Farage proposes Norway style fishing policy

UKIP leader Nigel Farage proposed a Norwegian style fishing system for Britain during a visit to Grimsby yesterday.
The flamboyant political figure was greeted with cheers – and a few protestors – when he breezed into the port to support the UKIP candidate Victoria Ayling.
Labour have held the Great Grimsby seat since the war but with Austin Mitchell, its long serving MP – and a fierce opponent of the EU – standing down after 38 years, UKIP has named it as one of its top ten target seats.
Because of this, Grimsby has suddenly become the focus of national media attention. DJ Nicky Campbell was in town earlier in the week and today the BBC is broadcasting from the port.
Farage, who also met reality TV star Joey Essex, toured the docks and met some of Grimsby’s few remaining fishermen, before delivering a keynote speech at the local town hall.
He told an audience that adopting a Norway style policy could revitalise Britain’s fishing industry.
He said: ‘When Britain leaves the European Union, Grimsby will once again be a great fishing port.’
He said that in Norway ‘all the fish that swim and spawn in those areas are the possession of the Norwegian nation.
‘Norway has a thriving fishing industry.

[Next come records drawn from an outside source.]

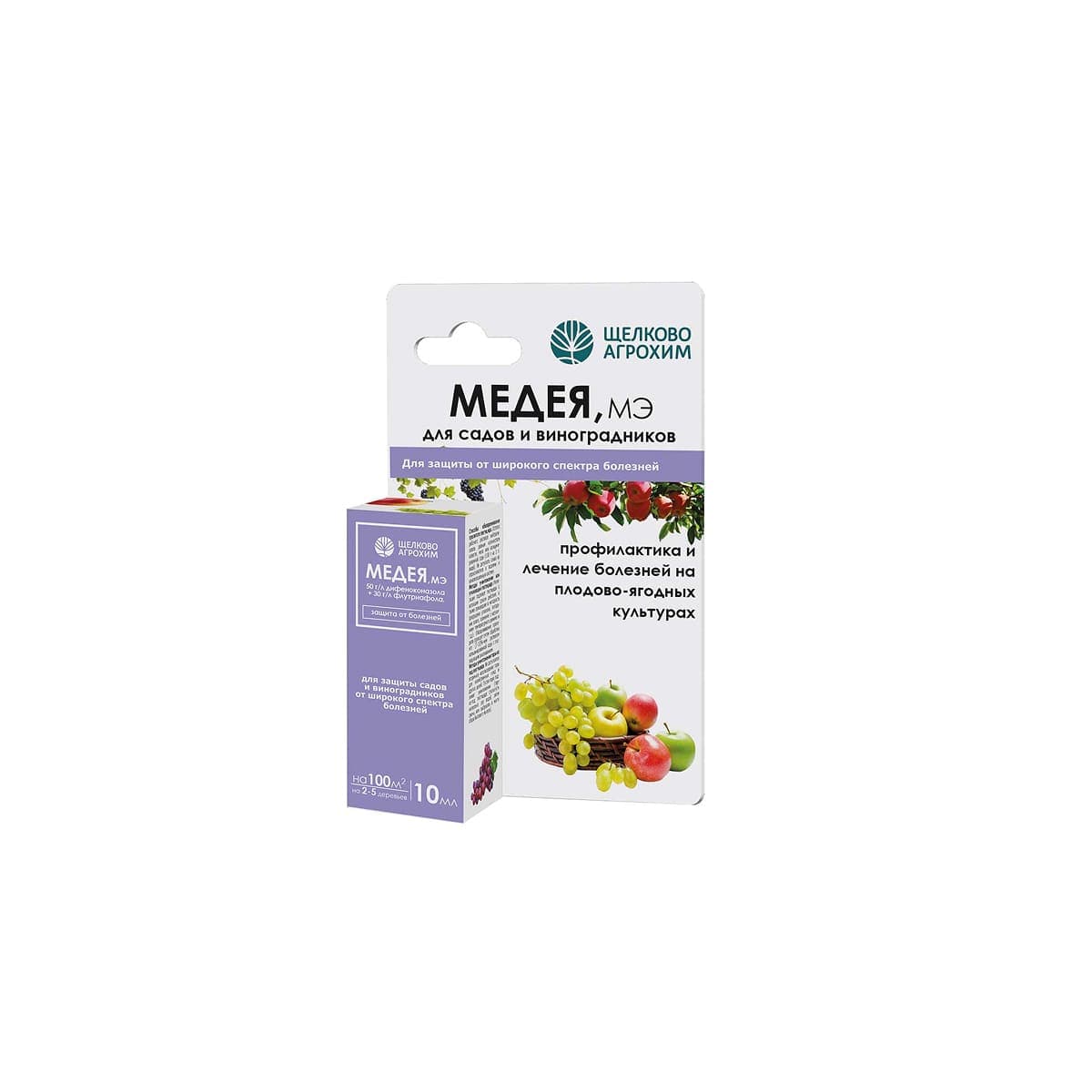 «Медея, МЭ» — комбинированный системный фунгицид для защиты яблони и других семечковых культур от комплекса заболеваний: парши, мучнистой росы, монилиоза, альтернариоза и сажистого гриба. Препарат на основе современных триазолов (например, дифеноконазол + ципродинил) обладает двойным механизмом действия: быстро проникает в ткани растения (через 2 часа), блокируя развитие патогенов на всех стадиях, и формирует длительный защитный барьер (до 21 дня). Ключевые преимущества: выраженное лечащее действие при уже проявившихся симптомах, устойчивость к смыву дождем после высыхания, подавление спорообразования. Применяется профилактически или при первых признаках болезни с интервалом 10-14 дней. Для предотвращения резистентности обязательно чередовать с контактными медьсодержащими фунгицидами. Норма расхода: 5-7 мл/10 л воды. Класс опасности: 3.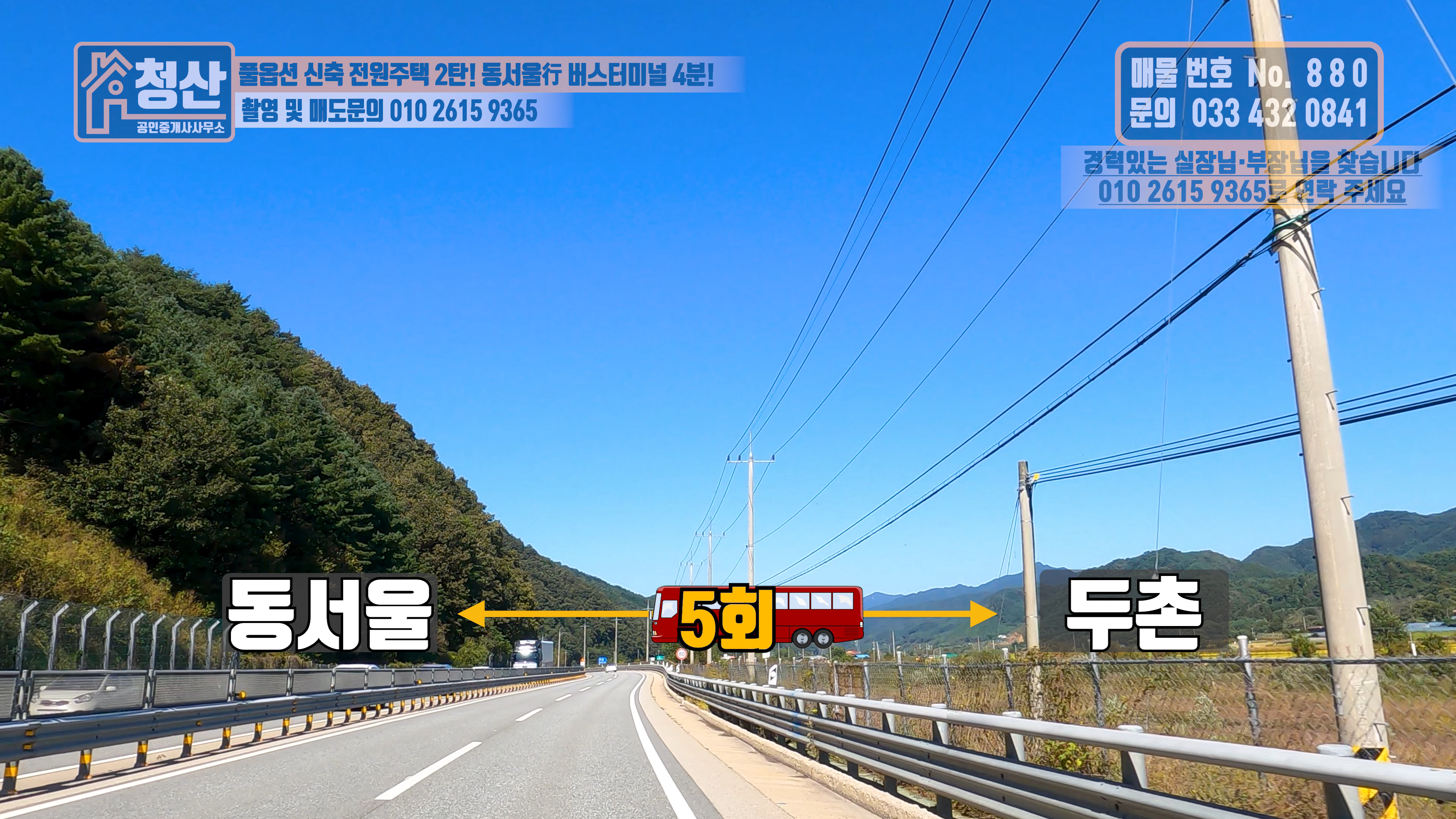 2023. 11. 16. 14:16[매물번호 880] 풀옵션 전원주택 2탄! 두촌 신축 전원주택! 동서울행 버스터미널 4분, 도보 6분거리 홍천읍 행 버스정류장 16회 정차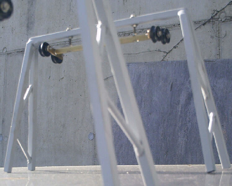 Wieder mal paar Neuigkeiten. Spanngewichtsbergstation wurde fertig und der Lift läuft in noch stützenloser "Schreibtischminiversion" seit gestern Abend in Dauertest. Als Seil wird auf Kundenwunsch ein 3 mm Polypropylenseil verwendet; normalerweise liefere ich solche Anlagen mit verzinktem Stahlseil DM 2 mm. Gerade aufgrund des sich längenden Textilseiles ist die Spannvorrichtung unerlässlich allerdings bei mir bei jeder Anlage Standard.

The fishing industry there employs tens of thousands of men and women.’
He said that since Britain had joined the EU it was only allowed to catch 20 per cent of the fish that swam in British waters; that was why Grimsby only had a handful of trawlers left when 30 years ago it had more than 250 vessels.
Farage later went for a fish and chip meal at a seafood restaurant owned by John Hancock, a former Grimsby skipper and UKIP supporter.